Start and enable the Router service (command names may vary by packaging):
sudo systemctl enable mysqlrouter
sudo systemctl start mysqlrouter
Connect Applications via Router
Typically, Router exposes ports like:
- Read-write: 6446
- Read-only: 6447
Applications can then connect using:
mysql -u app_user -p -h router_host -P 6446
This keeps application configuration stable across failovers.
Step 6: Testing Failover
Once the cluster is up and Router is configured, test failover behaviour in a non-production environment.
- Identify the primary:
cluster.status();
- Connect an application or MySQL client through Router to the read-write port and perform some writes.
- Simulate a primary failure by stopping MySQL on the primary node:
sudo systemctl stop mysql
- Observe cluster status again and confirm a new primary is elected.
- Verify that writes through Router still succeed.
Warning: Do not perform failover tests on a production cluster during business hours. Always coordinate and test on staging first.
Best Practices and Operational Tips
Instance Sizing and Layout
- Use identical hardware and MySQL versions across nodes.
- Keep latency between nodes as low as possible; Group Replication is sensitive to network delays.
- Use three or more members for production; avoid even numbers when possible to simplify quorum behaviour.
Backups
- Take logical or physical backups from a non-primary node to reduce impact on the primary.
- Ensure GTID-consistent backups so they can be used to seed new members if needed.
- Regularly test backup restore procedures independently of the cluster.
Monitoring
- Monitor
cluster.status()output regularly via automation. - Track replication lag, network latency, and InnoDB metrics (buffer pool hit rate, log waits).

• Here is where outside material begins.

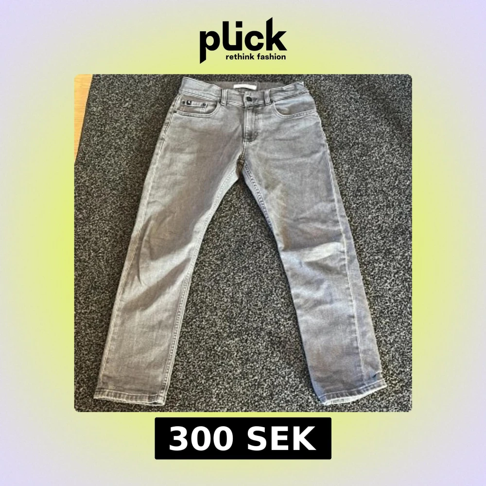 Snygga grå jeans från Calvin Klein med klassisk femficksdesign och dragkedja. De har en rak passform och är perfekta för en stilren look. Märkeslogga på baksidan ger en extra touch av stil.

- Alert on member state changes (ONLINE, UNREACHABLE, OFFLINE).
Common Pitfalls
- Mixed storage engines: InnoDB Cluster relies on InnoDB; avoid MyISAM or other non-transactional engines for replicated data.
- Non-deterministic SQL: Statements must be deterministic with row-based replication; avoid relying on non-deterministic functions without care.

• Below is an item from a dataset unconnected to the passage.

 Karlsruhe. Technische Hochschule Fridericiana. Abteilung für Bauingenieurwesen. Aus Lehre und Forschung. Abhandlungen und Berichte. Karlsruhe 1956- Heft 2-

- Split-brain risk: Ensure proper network design and avoid manual interventions that could create multiple primaries.
- Ignoring error logs: Group Replication issues often surface in the MySQL error log; integrate them into your logging stack.
This article offers general technical guidance. Validate all configurations in a safe environment before applying them to production.
With these steps and practices, you can build a reliable MySQL InnoDB Cluster from scratch, then iterate on monitoring, backups, and automation to reach production-grade high availability.